• Problem description: When you copy the listing, reproduce each line as it appears and omit every image.

• Provided material:
Content starts

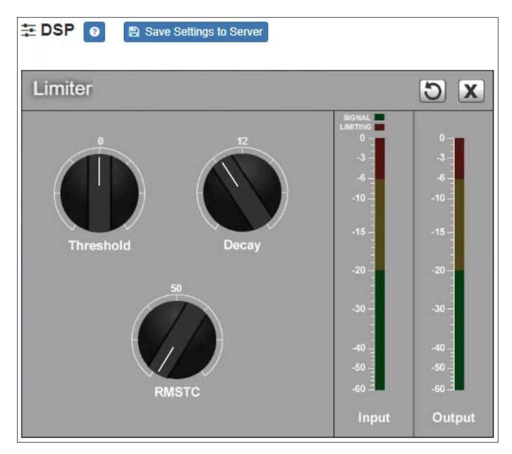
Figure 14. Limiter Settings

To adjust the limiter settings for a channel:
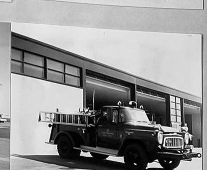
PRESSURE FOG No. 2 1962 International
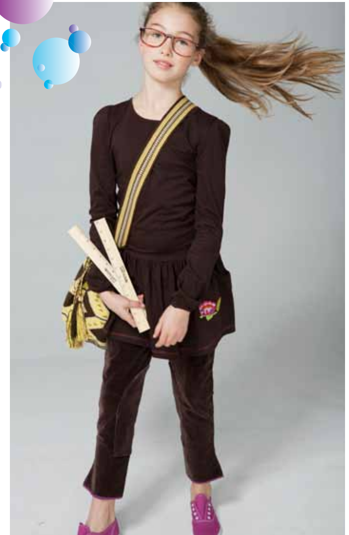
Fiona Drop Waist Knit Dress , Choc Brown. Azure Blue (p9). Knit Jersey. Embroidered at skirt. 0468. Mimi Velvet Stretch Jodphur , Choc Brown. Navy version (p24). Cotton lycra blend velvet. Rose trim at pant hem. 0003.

Content ends

• Task output:
Figure 14. Limiter Settings

To adjust the limiter settings for a channel:
PRESSURE FOG No. 2 1962 International
Fiona Drop Waist Knit Dress , Choc Brown. Azure Blue (p9). Knit Jersey. Embroidered at skirt. 0468. Mimi Velvet Stretch Jodphur , Choc Brown. Navy version (p24). Cotton lycra blend velvet. Rose trim at pant hem. 0003.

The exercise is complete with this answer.